▶ Task inputs:
::::::::

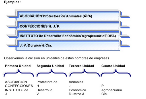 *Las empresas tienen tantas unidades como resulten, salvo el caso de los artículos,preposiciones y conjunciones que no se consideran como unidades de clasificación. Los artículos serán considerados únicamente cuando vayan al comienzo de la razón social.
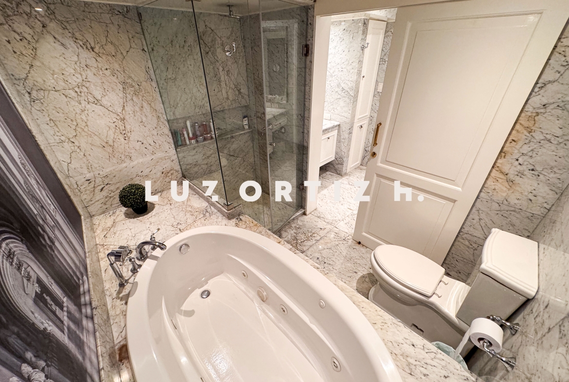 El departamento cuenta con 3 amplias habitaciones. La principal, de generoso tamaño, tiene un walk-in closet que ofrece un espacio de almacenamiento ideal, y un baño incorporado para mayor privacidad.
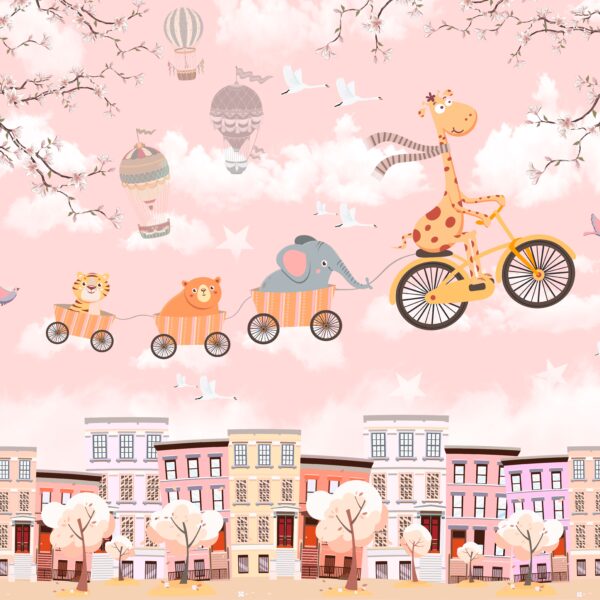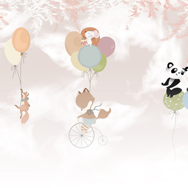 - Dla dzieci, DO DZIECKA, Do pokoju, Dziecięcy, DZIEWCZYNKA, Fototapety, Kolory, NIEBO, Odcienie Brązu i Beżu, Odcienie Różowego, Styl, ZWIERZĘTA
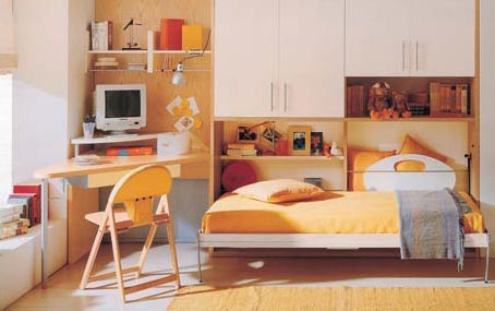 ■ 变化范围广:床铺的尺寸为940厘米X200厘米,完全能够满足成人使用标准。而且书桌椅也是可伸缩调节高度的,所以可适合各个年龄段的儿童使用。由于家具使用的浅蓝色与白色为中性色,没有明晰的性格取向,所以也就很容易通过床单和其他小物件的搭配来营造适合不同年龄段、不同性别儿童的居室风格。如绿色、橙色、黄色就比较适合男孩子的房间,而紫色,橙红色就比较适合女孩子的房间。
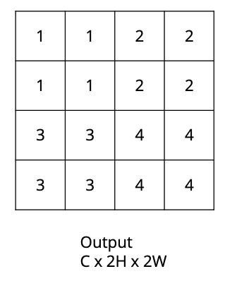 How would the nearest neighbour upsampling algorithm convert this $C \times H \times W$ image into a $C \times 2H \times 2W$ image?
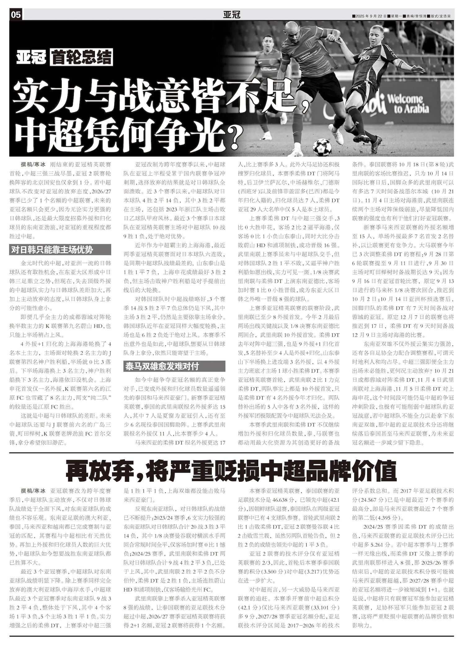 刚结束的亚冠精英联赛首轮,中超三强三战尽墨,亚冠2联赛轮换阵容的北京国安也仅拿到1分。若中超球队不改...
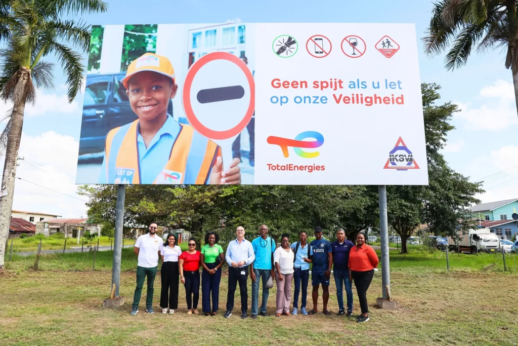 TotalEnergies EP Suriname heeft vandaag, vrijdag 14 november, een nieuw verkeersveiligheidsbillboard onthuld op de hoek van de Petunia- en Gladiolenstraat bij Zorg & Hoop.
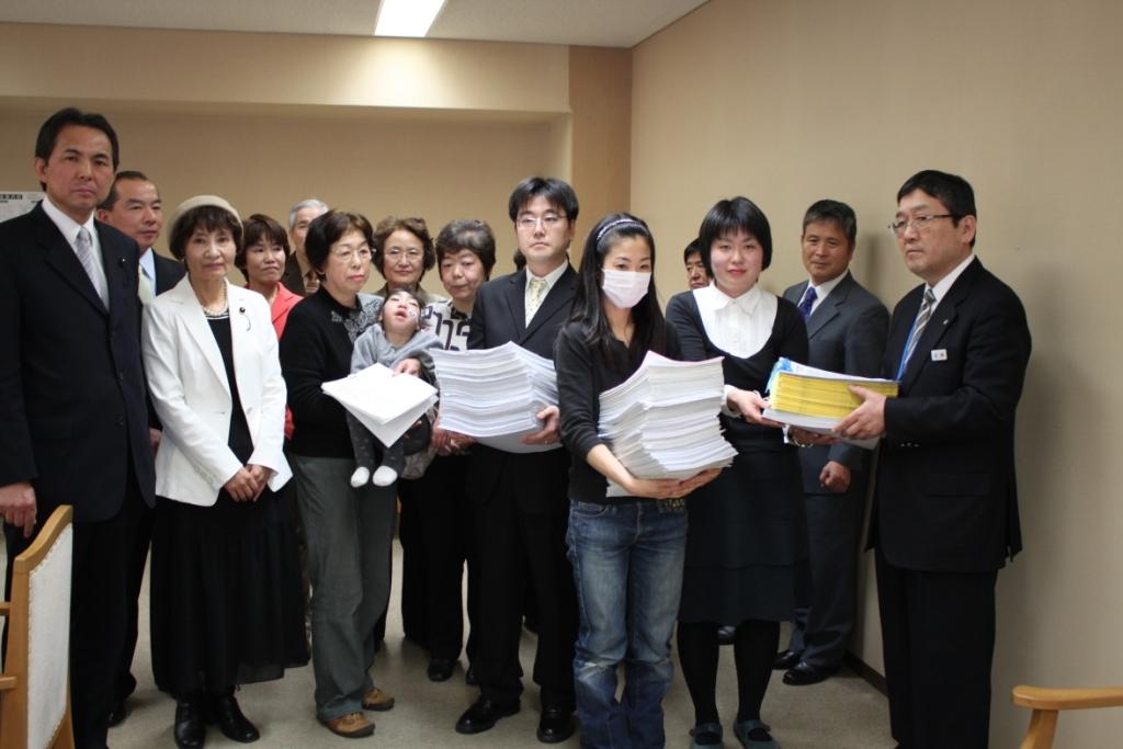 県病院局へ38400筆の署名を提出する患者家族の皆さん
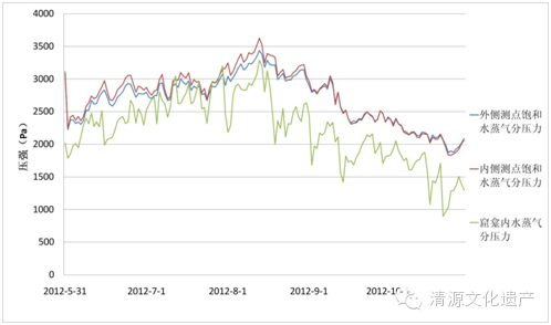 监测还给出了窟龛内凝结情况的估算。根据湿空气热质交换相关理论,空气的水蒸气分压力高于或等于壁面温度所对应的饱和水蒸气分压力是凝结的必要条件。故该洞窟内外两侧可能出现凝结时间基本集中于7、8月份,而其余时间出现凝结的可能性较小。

::::::::

▶ Exercise details: Type the records out again in full, exactly, with each picture omitted.

▶ Result of this exercise:
 *Las empresas tienen tantas unidades como resulten, salvo el caso de los artículos,preposiciones y conjunciones que no se consideran como unidades de clasificación. Los artículos serán considerados únicamente cuando vayan al comienzo de la razón social.
 El departamento cuenta con 3 amplias habitaciones. La principal, de generoso tamaño, tiene un walk-in closet que ofrece un espacio de almacenamiento ideal, y un baño incorporado para mayor privacidad.
 - Dla dzieci, DO DZIECKA, Do pokoju, Dziecięcy, DZIEWCZYNKA, Fototapety, Kolory, NIEBO, Odcienie Brązu i Beżu, Odcienie Różowego, Styl, ZWIERZĘTA
 ■ 变化范围广:床铺的尺寸为940厘米X200厘米,完全能够满足成人使用标准。而且书桌椅也是可伸缩调节高度的,所以可适合各个年龄段的儿童使用。由于家具使用的浅蓝色与白色为中性色,没有明晰的性格取向,所以也就很容易通过床单和其他小物件的搭配来营造适合不同年龄段、不同性别儿童的居室风格。如绿色、橙色、黄色就比较适合男孩子的房间,而紫色,橙红色就比较适合女孩子的房间。
 How would the nearest neighbour upsampling algorithm convert this $C \times H \times W$ image into a $C \times 2H \times 2W$ image?
 刚结束的亚冠精英联赛首轮,中超三强三战尽墨,亚冠2联赛轮换阵容的北京国安也仅拿到1分。若中超球队不改...
 TotalEnergies EP Suriname heeft vandaag, vrijdag 14 november, een nieuw verkeersveiligheidsbillboard onthuld op de hoek van de Petunia- en Gladiolenstraat bij Zorg & Hoop.
 県病院局へ38400筆の署名を提出する患者家族の皆さん
 监测还给出了窟龛内凝结情况的估算。根据湿空气热质交换相关理论,空气的水蒸气分压力高于或等于壁面温度所对应的饱和水蒸气分压力是凝结的必要条件。故该洞窟内外两侧可能出现凝结时间基本集中于7、8月份,而其余时间出现凝结的可能性较小。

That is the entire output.